- [Brief]: Leaving every image behind, reproduce the records word for word.

- [Supplied data]:
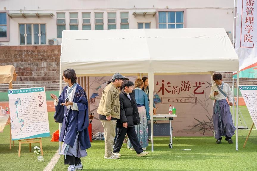 投壶、射箭、斗诗、插花……在旅游管理学院举行的“趣味宋朝”体验活动现场,同学们穿上古色古韵的宋制汉服,参与到宋代特色文娱活动中,学习宋代礼仪,近距离感受宋韵文化魅力。
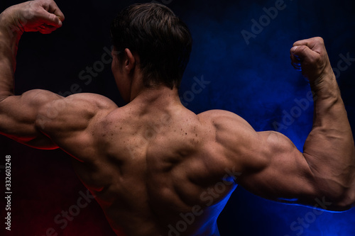Muscular man showing muscles isolated on the black background with colored smoke. Concept of healthy lifestyle
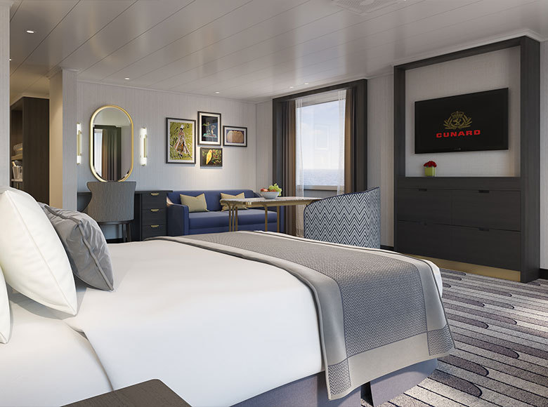 Offering special sea views, our oceanview staterooms provide a private enclave to watch the world go by. Your Britannia Oceanview stateroom includes:Choice of Early, Late, and Open Dining in the Britannia Restaurant.Lounge area with seating.Sealy Cunarder bed configurable to king-size or two single beds. Bathroom with a walk-in shower.Window with sea view.Satellite TV with movie and music channels.Feature vanity and desk with hairdryer.UK, USA, European, and USB power sockets.Penhaligon's toiletries. Bathrobes and slippers.Tea and coffee-making facilities.Welcome sparkling wine.Complimentary room service menu.A dedicated steward to keep your stateroom in fine order day and night.
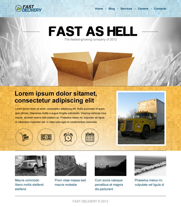 For this tutorial, I designed a simple website of a fake company named FastDelivery. Here's a screenshot of the complete design:
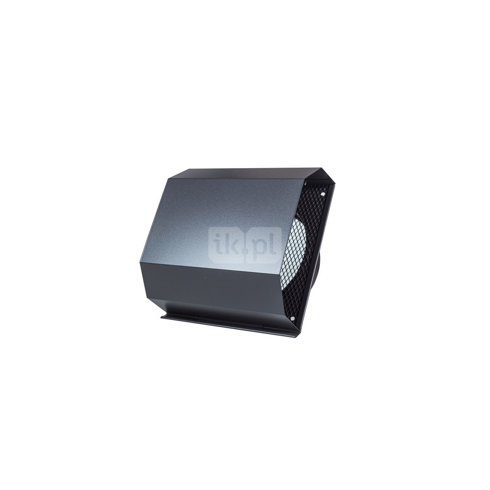 Czerpnia wykonana z blachy ocynkowanej, malowana proszkowo na kolor grafitowy, z okapnikiem chroniącym elewację przed zabrudzeniami, wyposażona w siatkę zabezpieczającą przed owadami.
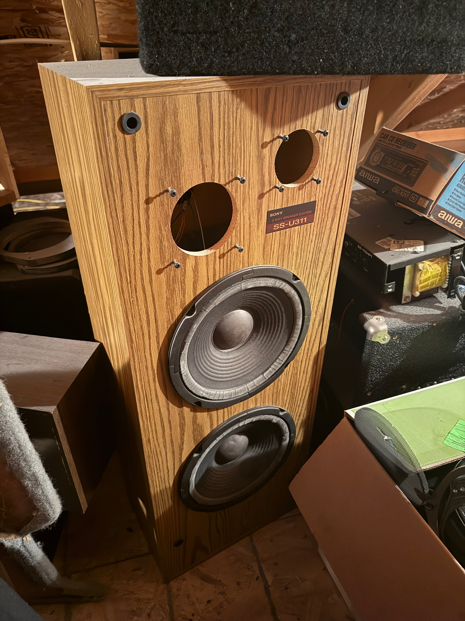 I foresee a fresh matte black baffle and some bracing in some big Sony cabs I have in the attic. Golden Oak vinyl - Quite period correct for a build like this!

- [Solution to the problem]:
 投壶、射箭、斗诗、插花……在旅游管理学院举行的“趣味宋朝”体验活动现场,同学们穿上古色古韵的宋制汉服,参与到宋代特色文娱活动中,学习宋代礼仪,近距离感受宋韵文化魅力。
Muscular man showing muscles isolated on the black background with colored smoke. Concept of healthy lifestyle
 Offering special sea views, our oceanview staterooms provide a private enclave to watch the world go by. Your Britannia Oceanview stateroom includes:Choice of Early, Late, and Open Dining in the Britannia Restaurant.Lounge area with seating.Sealy Cunarder bed configurable to king-size or two single beds. Bathroom with a walk-in shower.Window with sea view.Satellite TV with movie and music channels.Feature vanity and desk with hairdryer.UK, USA, European, and USB power sockets.Penhaligon's toiletries. Bathrobes and slippers.Tea and coffee-making facilities.Welcome sparkling wine.Complimentary room service menu.A dedicated steward to keep your stateroom in fine order day and night.
 For this tutorial, I designed a simple website of a fake company named FastDelivery. Here's a screenshot of the complete design:
 Czerpnia wykonana z blachy ocynkowanej, malowana proszkowo na kolor grafitowy, z okapnikiem chroniącym elewację przed zabrudzeniami, wyposażona w siatkę zabezpieczającą przed owadami.
 I foresee a fresh matte black baffle and some bracing in some big Sony cabs I have in the attic. Golden Oak vinyl - Quite period correct for a build like this!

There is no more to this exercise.